● Information given:
>>>
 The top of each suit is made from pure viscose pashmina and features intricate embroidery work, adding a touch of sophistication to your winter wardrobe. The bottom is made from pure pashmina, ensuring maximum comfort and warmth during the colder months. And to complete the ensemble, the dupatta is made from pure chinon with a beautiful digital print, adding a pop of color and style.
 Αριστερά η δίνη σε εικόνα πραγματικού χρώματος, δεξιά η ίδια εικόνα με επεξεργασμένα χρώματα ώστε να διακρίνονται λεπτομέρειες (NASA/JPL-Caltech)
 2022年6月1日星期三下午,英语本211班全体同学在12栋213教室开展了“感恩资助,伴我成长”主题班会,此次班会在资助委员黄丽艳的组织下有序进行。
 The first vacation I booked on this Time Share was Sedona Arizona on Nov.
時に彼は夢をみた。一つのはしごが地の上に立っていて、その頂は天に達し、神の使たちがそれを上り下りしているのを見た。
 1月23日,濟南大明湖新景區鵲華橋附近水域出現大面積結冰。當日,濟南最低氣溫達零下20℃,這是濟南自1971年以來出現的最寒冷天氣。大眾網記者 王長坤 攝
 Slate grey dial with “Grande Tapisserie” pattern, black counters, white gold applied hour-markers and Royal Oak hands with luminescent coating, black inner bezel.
<<<
>>>
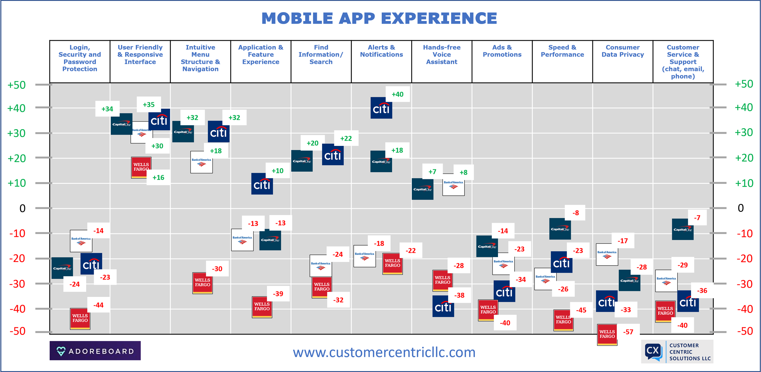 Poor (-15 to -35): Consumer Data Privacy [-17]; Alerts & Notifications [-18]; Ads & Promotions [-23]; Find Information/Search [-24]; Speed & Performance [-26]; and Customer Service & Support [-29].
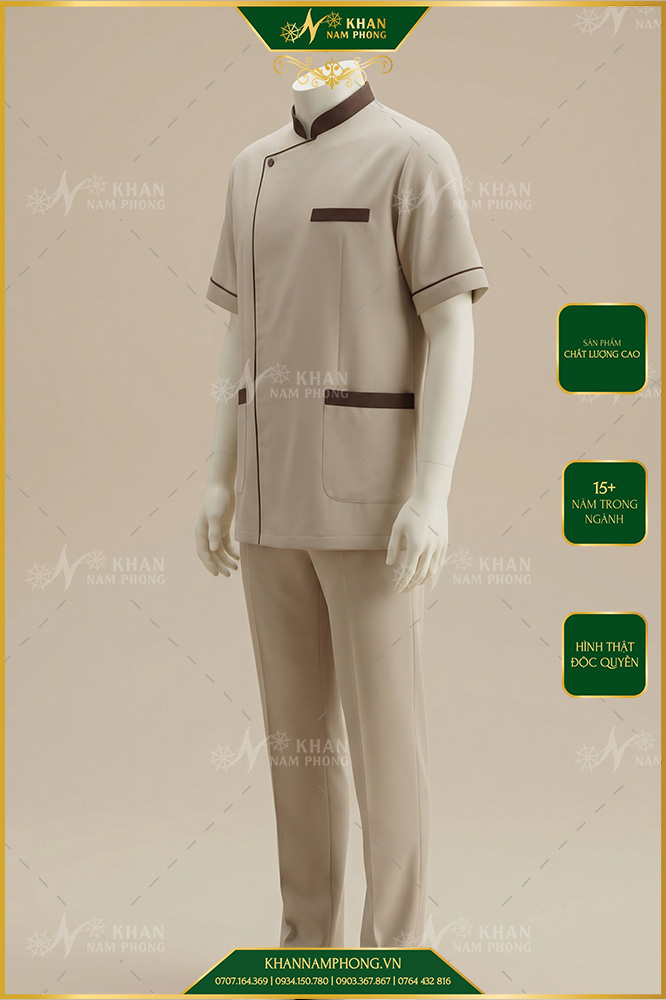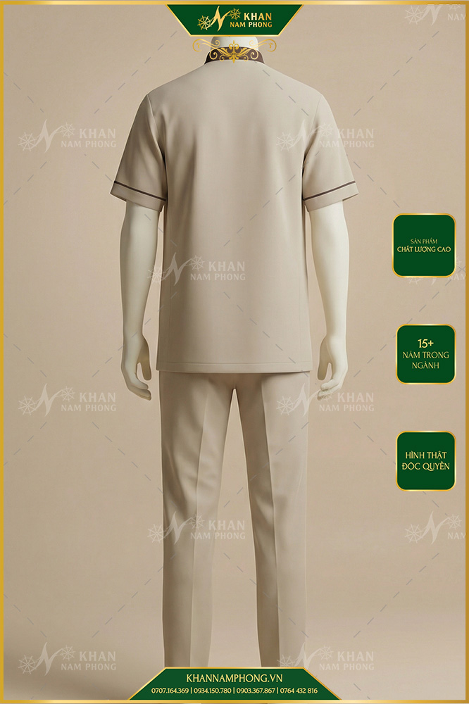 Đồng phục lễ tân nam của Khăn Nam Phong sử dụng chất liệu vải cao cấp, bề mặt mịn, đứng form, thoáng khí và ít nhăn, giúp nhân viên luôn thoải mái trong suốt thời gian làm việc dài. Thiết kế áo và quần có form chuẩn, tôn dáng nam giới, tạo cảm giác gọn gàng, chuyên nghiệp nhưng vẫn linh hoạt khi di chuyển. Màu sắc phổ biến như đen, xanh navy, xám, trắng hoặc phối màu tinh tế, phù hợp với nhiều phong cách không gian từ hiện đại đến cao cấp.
<<<
>>>
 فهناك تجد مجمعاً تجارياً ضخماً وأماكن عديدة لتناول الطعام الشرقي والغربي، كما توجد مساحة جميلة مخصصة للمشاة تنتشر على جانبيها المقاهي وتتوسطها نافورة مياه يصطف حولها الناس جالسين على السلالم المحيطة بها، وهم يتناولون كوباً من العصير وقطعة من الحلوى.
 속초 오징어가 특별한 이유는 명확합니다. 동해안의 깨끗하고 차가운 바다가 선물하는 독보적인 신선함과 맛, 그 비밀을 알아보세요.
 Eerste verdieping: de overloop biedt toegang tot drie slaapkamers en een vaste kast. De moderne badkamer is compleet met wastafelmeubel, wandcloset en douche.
<<<
Reproduce, exactly as they stand in the data above, the lines from the one that holds "속초 오징어가 특별한" to the one that holds "Eerste verdieping: de", inclusive.

● Response box:
 속초 오징어가 특별한 이유는 명확합니다. 동해안의 깨끗하고 차가운 바다가 선물하는 독보적인 신선함과 맛, 그 비밀을 알아보세요.
 Eerste verdieping: de overloop biedt toegang tot drie slaapkamers en een vaste kast. De moderne badkamer is compleet met wastafelmeubel, wandcloset en douche.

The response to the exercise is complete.